You provide excellent examples of the bogosity of the arguments. Let me demolish them in turn.
1) System cost
Sure, it's high. That's because we spend huge amounts of money on energy. ANY system to replace fossil fuels will be expensive, in the trillions of dollars.
But if this is an argument against renewables, it's an even bigger argument against nuclear. Because nuclear is much more expensive than renewables.
2) Recycling
At worst, we can bury the stuff. Recycling it is not necessary. After all, the amount of material is small compared to everything else we do in society, and it's not some special kind of waste (like high level nuclear waste) that requires some particularly unique handling.
3) Lithium and cobalt
Lithium is abundant. If you hadn't been paying attention, the price has been crashing, as it pretty much always does after a price spike of a mineral resource, when the price spike encourages investment to increase the amount available. As for cobalt: probably the same is true, but why do you think cobalt is needed?
4) poison the environment
This is just emotional bullshit. No, renewables would not "poison the environment". You beclown yourself with this nonsense.
5) absurdly high energy cost
As opposed to those still burning fossil fuels where they are foisting off the cost of the externalities on others? Ignoring those external costs doesn't make them go away.
In any case, the place that's normally pointed to is Germany, where they made a large investment in renewables from 2009-2012. Solar was much more expensive then, and they are still paying that down. But the costs of renewables crash with time, so pointing to past expenditures is grossly misleading. Going forward renewables will be much cheaper. That's why we're seeing so much investment in them now globally.
One can tell the intellectual barrenness of the pro-nuclear position when you have to resort to this sort of deplorable nonsense.
Indeed you have to look at the figures, no amount of wordage without computation will get you a true answer, still calling someone or something deplorable is, I am sorry, a dog-whistle.
So to clear the air I propose you look at this substantive set of answers:
> But if this is an argument against renewables, it's an even bigger argument against nuclear. Because nuclear is much more expensive than renewables.
I agree that the nuclear power stations are more expensive per kW of generation capacity. But that does not mean that the overall system must be more expensive (fallacy of composition?). It would depend on the quality of the intermittent resources, their location, demand profiles, cost to build, cost of transmission and storage and so on.
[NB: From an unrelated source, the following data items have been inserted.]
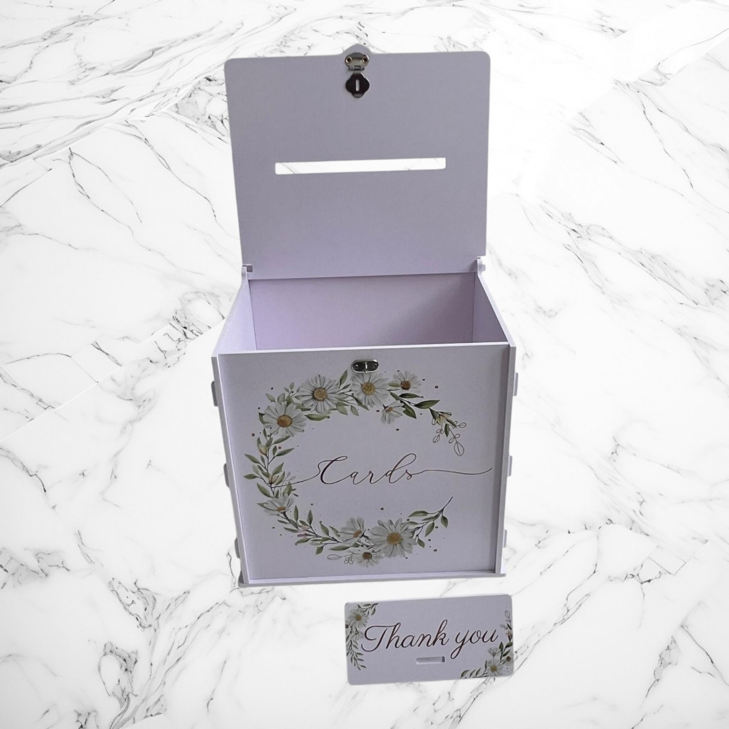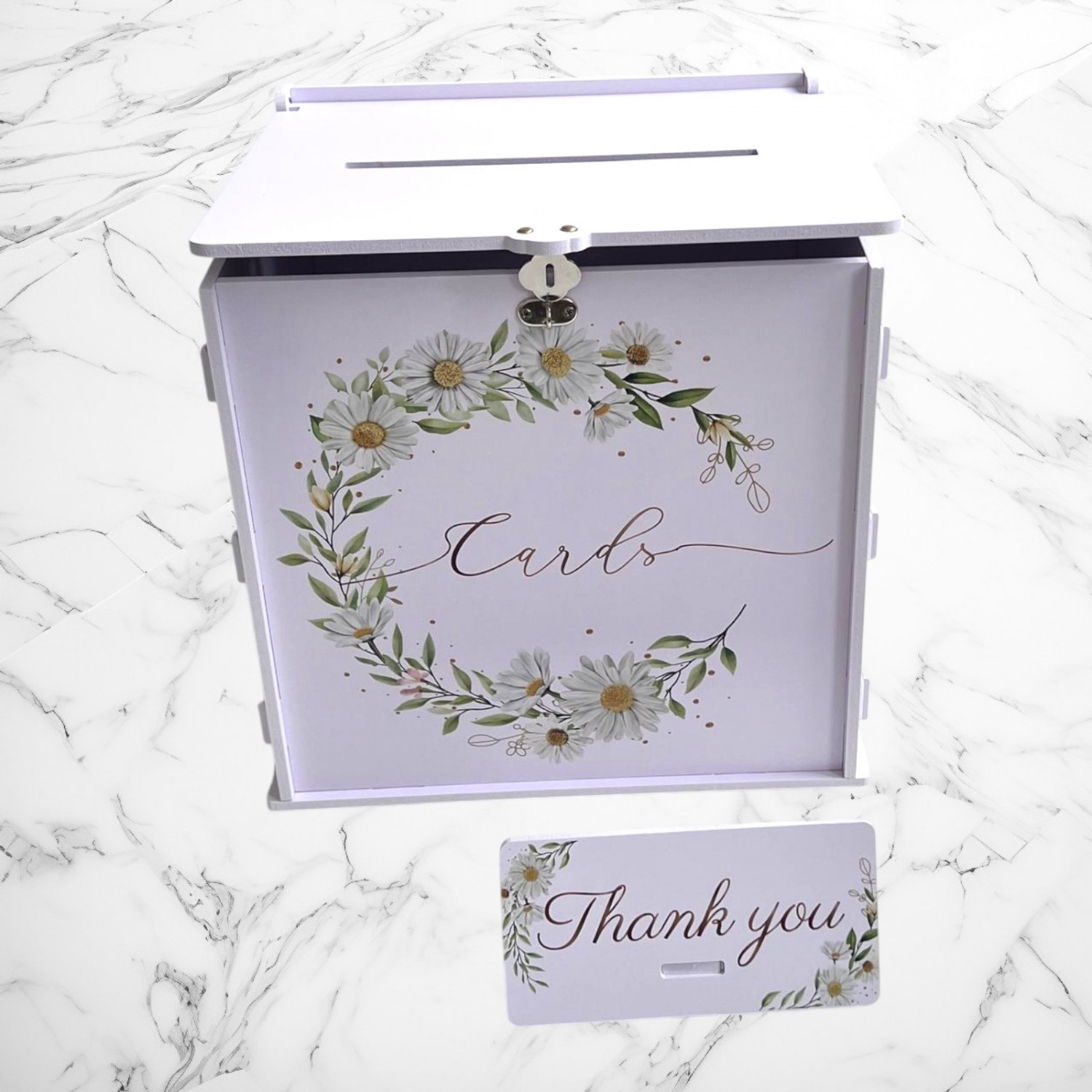 Completează decorul botezului tău cu această cutie pentru daruri și felicitări 💌, cu un design floral delicat, perfectă pentru un botez de poveste!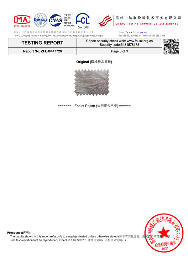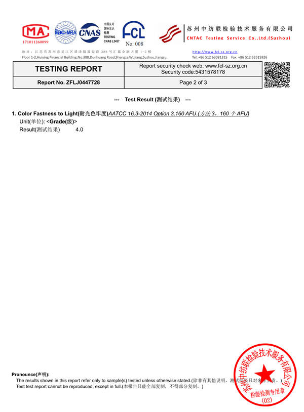 Carifa color film color fastness test report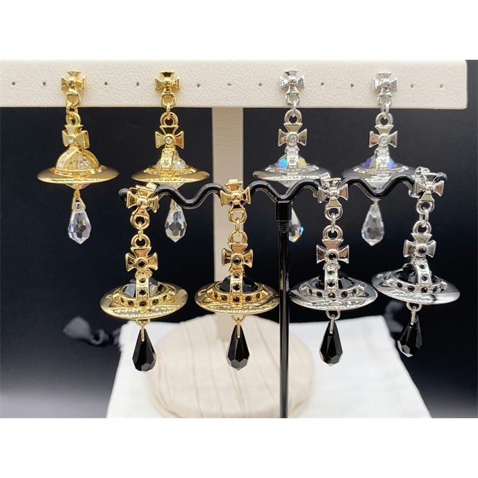 时尚个性 闪闪施华大钻黑色水晶土星水滴耳环链条项链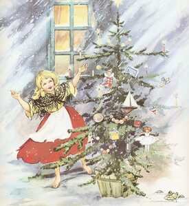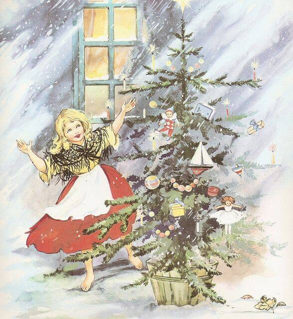 Mai aprinse un chibrit și se pomeni lângă un pom de Crăciun cu mult mai frumos de cum văzuse ea anul trecut prin geamul de la ușa unui negustor bogat. Pe ramurile lui verzi străluceau mii de lumânări colorate; de toate părțile atârnau cofeturi, jucării poleite, o grămadă de minuni. Fata întinse mâna să apuce pe cea mai puțin frumoasă...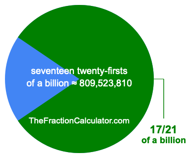 Therefore, 17/21 of a billion is the quotient of one billion divided by 21, multiplied by 17. Here is the math and the answer: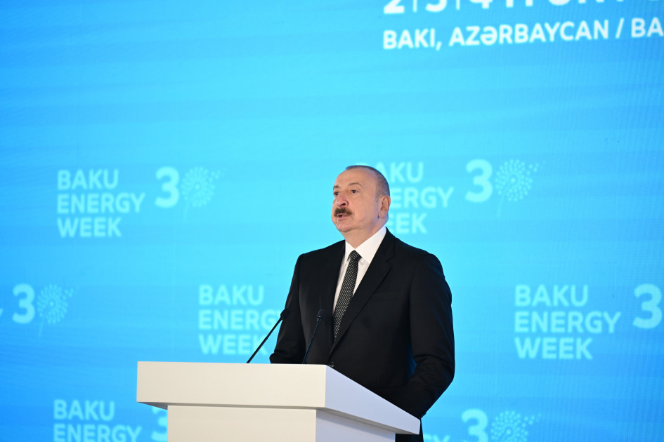 Azərbaycan Respublikasının Prezidenti İlham Əliyev Bakı Ekspo Mərkəzində Bakı Enerji Həftəsi çərçivəsində keçirilən 30-cu Yubiley Beynəlxalq Xəzər Neft və Qaz Sərgisi “Caspian Oil and Gas”, 13-cü Xəzər Beynəlxalq Energetika və Yaşıl Enerji Sərgisi “Caspian Power” və 30-cu Yubiley “Baku Energy Forum”un rəsmi açılış mərasimində çıxış edib.
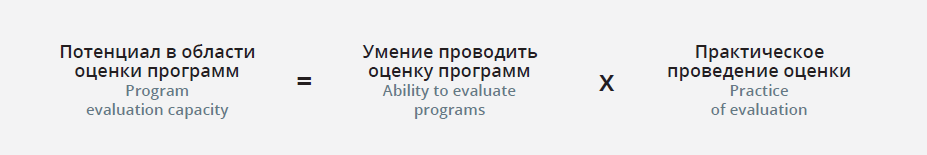 ПРИНЦИПЫ САМООЦЕНИВАНИЯ И РАЗВИТИЕ ПОТЕНЦИАЛА В СФЕРЕ ОЦЕНКИСамооценивание предполагает развитие собственного потенциала в сфере оценки. В связи с этим НКО может быть полезно иметь в виду следующую «формулу» (Kuzmin, 2009):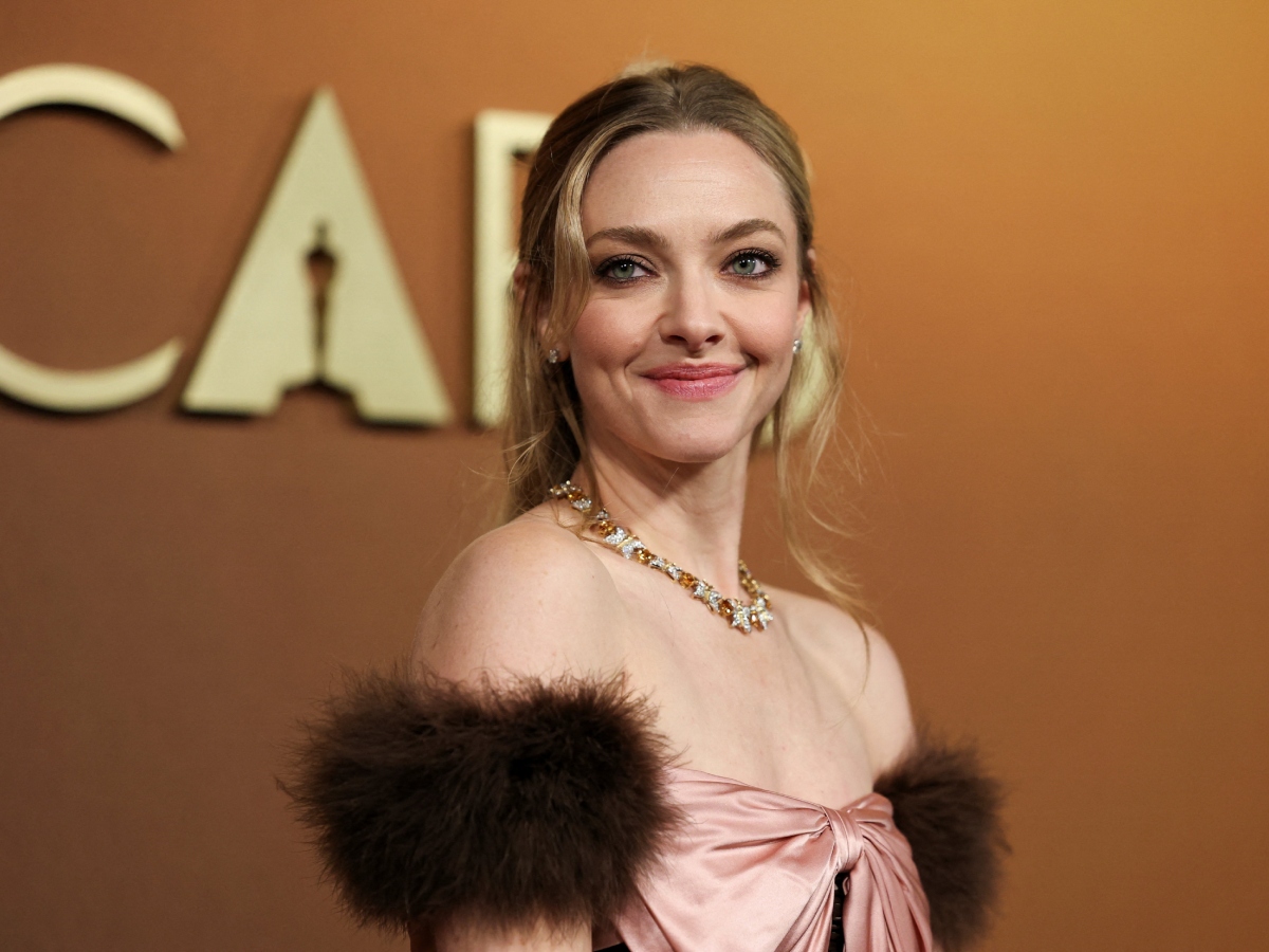 Amanda Seyfried: Καφέ με ροζ και απόλυτα matchy με την τέλεια δημιουργία που φορά.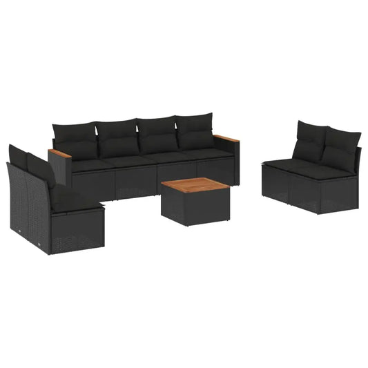 9-piece Garden Sofa Set with Black Polyrattan Cushions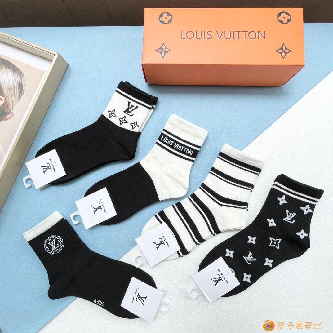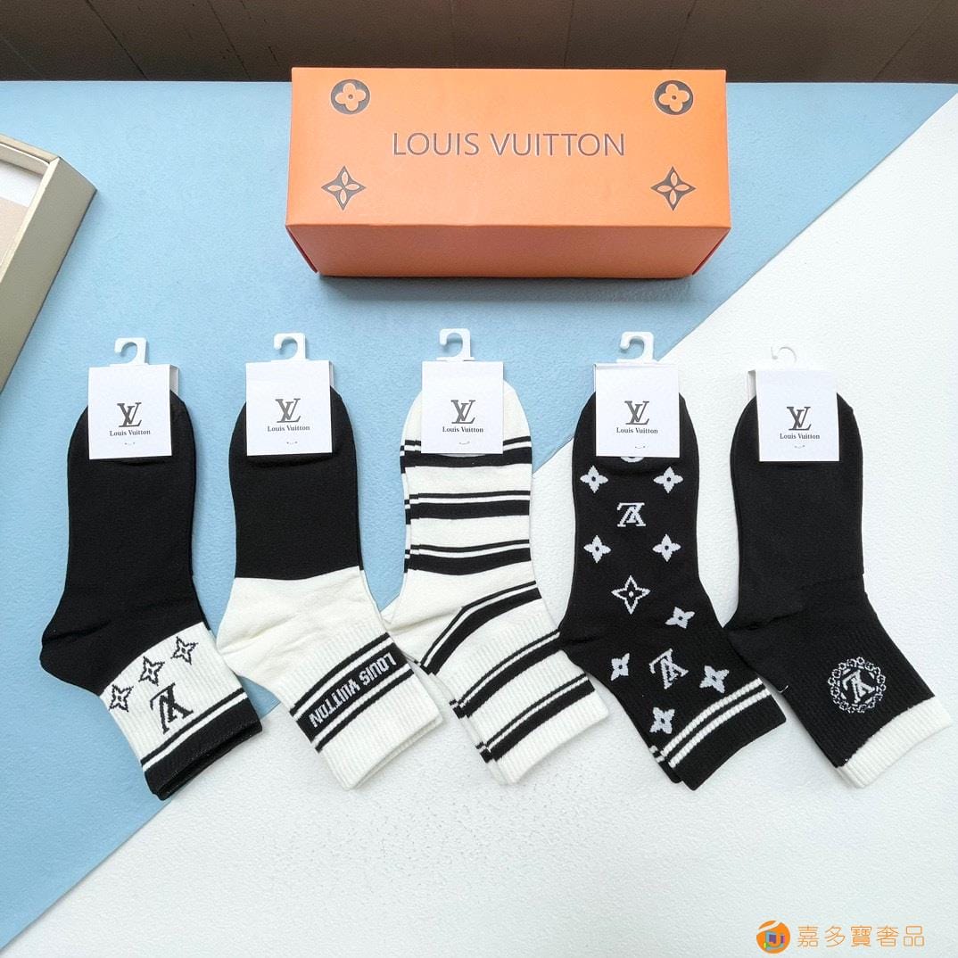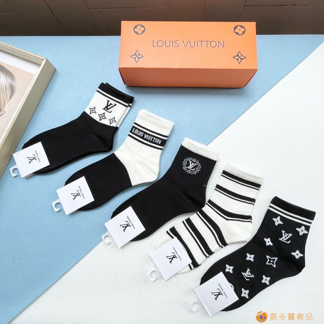 配包装【一盒五双】?LV 路易威登 爆款 中筒袜?高版本 ~好看到爆炸 欧美大牌中筒袜??潮人必不能少的专柜代购品质 袜子 ,搭配起来超高逼格 时髦度爆表啊啊啊啊~~推荐推荐推荐~~必入时髦小单品!!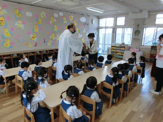 幼稚園での祝福式後、ジョバンニ神父様が来てくださり、年中組と年長組が聖母祭を行いました。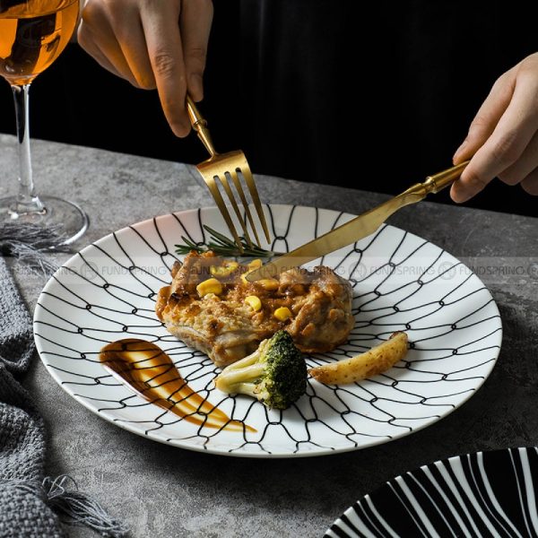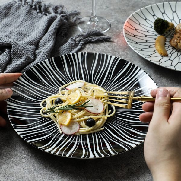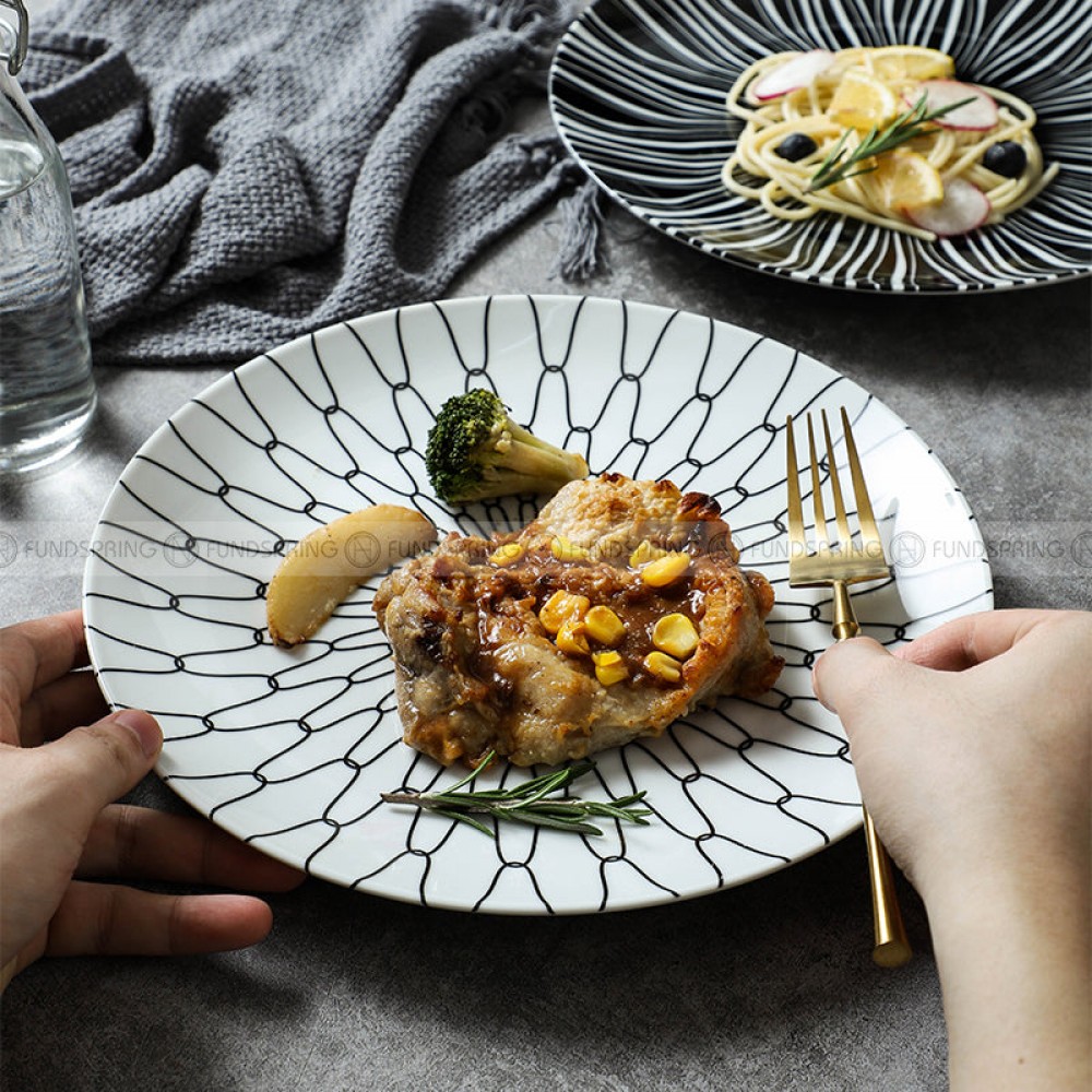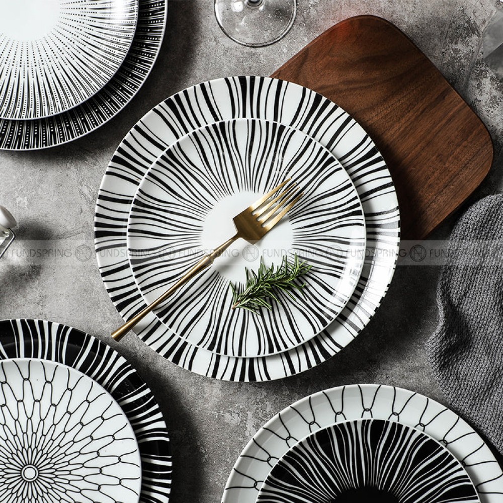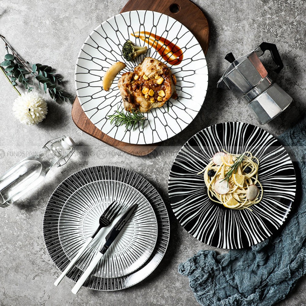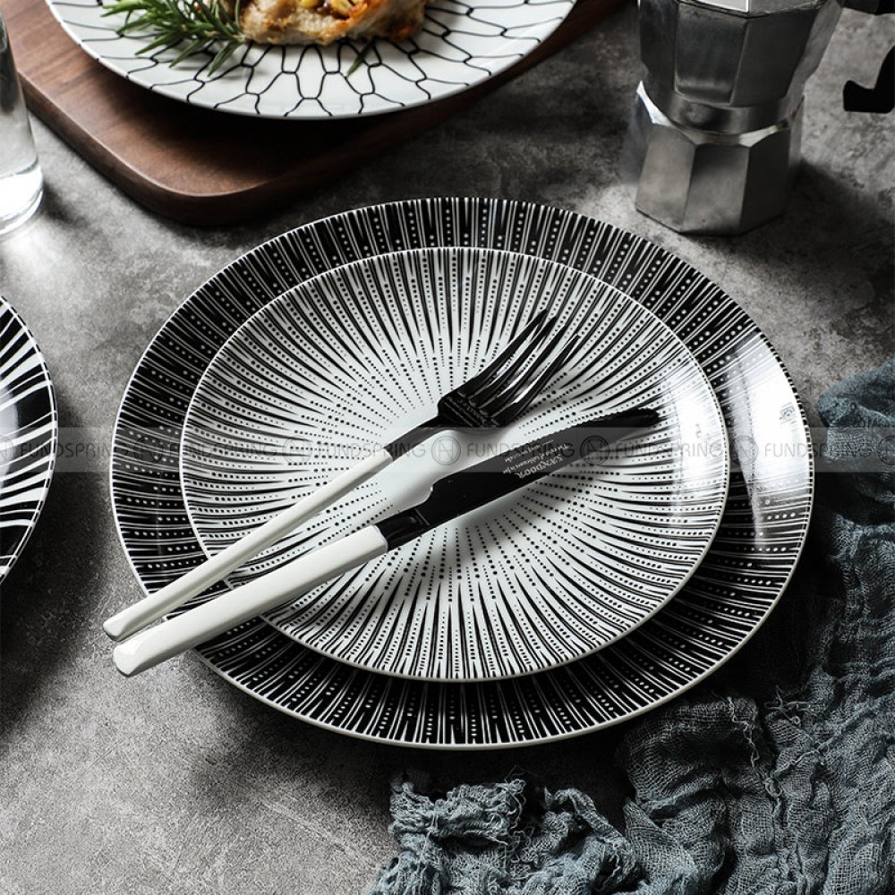 Elegant Monochrome Ceramic Dinner Plates – Set of 2 (8″ and 10″)

nuclear is not much more expensive, it's cheaper. It's just harder to scale
If the waste is your concern - nuclear is better. And no, you can't just bury renewable waste, it too contains forever toxic materials that can be dispersed in soil and water. Amount of mined stuff- nuclear is better, amount of land used- nuclear is better
No matter how you turn it, renewables were and will be more expensive for germany https://www.sciencedirect.com/science/article/abs/pii/S03605...https://www.reuters.com/business/energy/germany-rejigs-sprea...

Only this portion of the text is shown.